Alchemia, której dotknął Bach w suity wiolonczelowe, przekształcając nuty w iskrę, która uczyniła mnie wiolonczelistą. Harmonijne współbrzmienie nauczyciela pojawiającego się dokładnie w momencie, gdy uczeń bez planu szuka. Oczarowanie, jakie czuła Rusałka, gdy śpiewała swoją słynną Piosenka do księżyca

Cri de Coeur z OliverAnthony który ostatnio zrobił furorę.

Czasami myślę, że może straciłem zdrowie psychiczne. Tak czy inaczej, lubię świat, w którym za każdym rogiem kryje się zmyślona magia i zaklęcia. Świat, w którym nuty mogą wstrząsnąć fundamentami dusz. Tak jak w przypadku Don Kichota, być może, kiedykolwiek odzyskam zdrowie psychiczne, zginę.

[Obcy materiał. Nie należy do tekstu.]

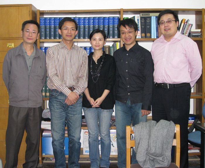 图书馆馆长钱仁平教授(左二)、馆长助理韩斌老师(右一)与中央音乐学院图书馆乐谱部主任黄安乐老师(左一)一行合影
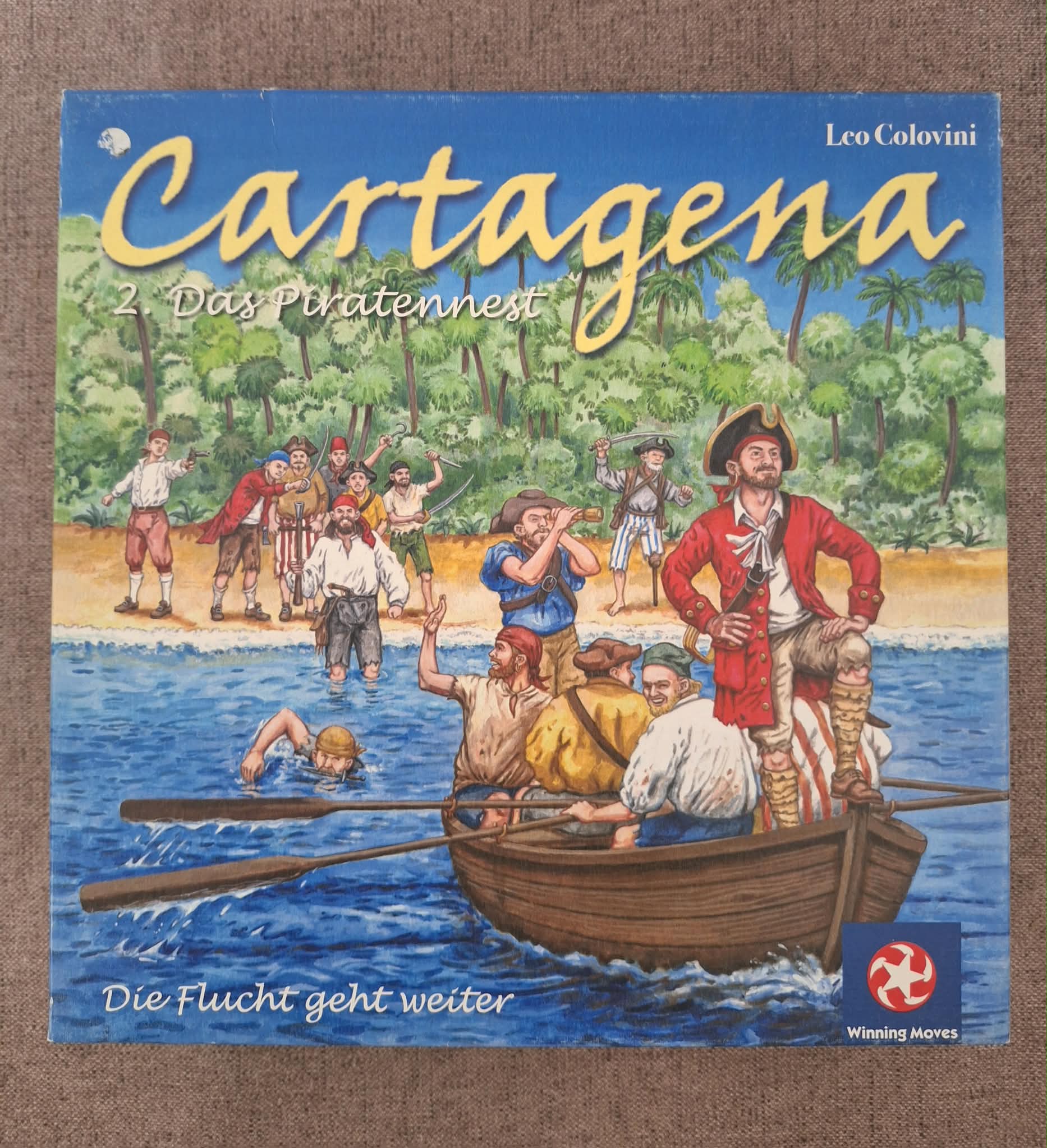 Hiánytalan ( a zászló hiányzott, gyártottunk bele másikat, a játékot nem befolyásolja), jó állapotú, nyomtatott magyar nyelvű játékszabállyal.A Cartagena első részében a kalózok egy titkos alagúton át kiszöktek az erődből,ám még hosszú út választja el őket a biztonságtól.Csak akkor lélegezhetnek fel igazán,ha elérnek a kalózfészekbe, Tortuga szigetére. Minden játékos egy csapat kalózt vezet a kalózfészek felé. A kalózoknak át kell vágniuk magukat a vad dzsungelen,majd a tengeren keresztül át kell jutniuk Tortuga szigetére. Természetesen a rivális kalózcsapatok is akadályozzák egymást,habár olykor rákényszerülnek a többiek segítségére.Az első játékos,aki összes kalózát beviszi Tortugába,felvonhatja a kalózzászlót,megnyerve így a játékot.

Opublikowane pod a Creative Commons Uznanie autorstwa 4.0 Licencja międzynarodowa
W przypadku przedruków ustaw link kanoniczny z powrotem na oryginał Instytut Brownstone Artykuł i autor.

Autor

Wpłać dziś

Twoje wsparcie finansowe dla Brownstone Institute idzie na wsparcie pisarzy, prawników, naukowców, ekonomistów i innych odważnych ludzi, którzy zostali usunięci zawodowo i wysiedleni podczas przewrotu naszych czasów. Możesz pomóc w wydobyciu prawdy poprzez ich bieżącą pracę.